Select committee wants higher entry requirements and an end to undergraduate-level provision. John Morgan reports

February 9, 2010

Entry requirements for teacher training courses in higher education are too low and undergraduate programmes in this area should be scrapped, according to a committee of MPs.

The Government should ultimately aim to restrict entry to postgraduate teacher training to those with a 2:1 degree or above, the House of Commons Children, Schools and Families Committee says in a report published on 9 February.

The cross-party panel of MPs criticise the “particularly low” entry requirements on undergraduate courses for those wanting to teach in secondary schools, saying funding for such programmes should cease.

They add that universities should involve research-active staff in teacher training courses to raise the “rigour and status” of the programmes.

Barry Sheerman, the committee chairman, said: “Teaching must be seen as an attractive career option for high-achieving individuals. Entry requirements should be raised, and there must be better support for teachers once they are in post.”

The report suggests that the Government should move to restrict access to postgraduate certificates in education to those with at least a 2:2 degree “as soon as possible”, with a longer-term goal to move to a minimum 2:1 requirement.

David Cameron, the leader of the Conservative Party, has already put forward similar proposals.

The report also supports a new masters in teaching and learning qualification, adding that teaching should become a masters-level profession.

“While we do not believe that the masters in teaching and learning should be compulsory, we would like to see introduced much stronger incentives for teachers to complete a relevant qualification at masters level or above,” the report says.

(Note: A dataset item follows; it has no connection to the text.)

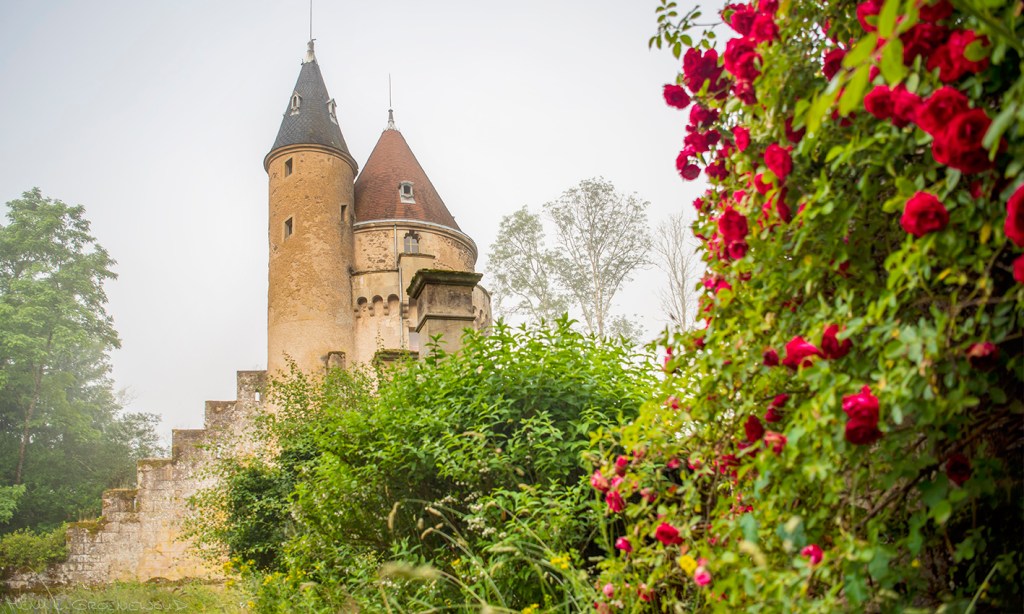 Chateau Valogne was een verademing. In meerdere opzichten een tussenstop op deze zwerftocht. Ik genoot van de heuvels van de Morvant en de vele planten en dieren die er waren te zien. IJsvogels scheerden over de rivier, grauwe klauwieren postten op de telefoondraden, zwarte roodstaarten hadden hun nest boven één van de houten karren, knautia’s bloeiden, kleine parelmoervlinders fladderden rond en waterjuffers – ik denk azuurjuffers, maar kon de fel oranje stigmata niet plaatsen – waren volop bezig met hun paringsrituelen. En de rode rozen… met de kennis van nu beschouw ik die als een aankondiging van wat later zou komen.

It criticises universities for not engaging expert staff in teacher training.

“Higher education institutions are important in bringing rigour and status to initial teacher training,” it says. “With this in mind, we were disappointed that research-active staff do not make a greater contribution to training.

“We recommend that the Training and Development Agency and Ofsted pay greater attention to this aspect of provision when accrediting and inspecting initial teacher training providers.

“Providers’ arrangements for developing the research skills and profiles of other teacher training staff should also be taken into consideration.”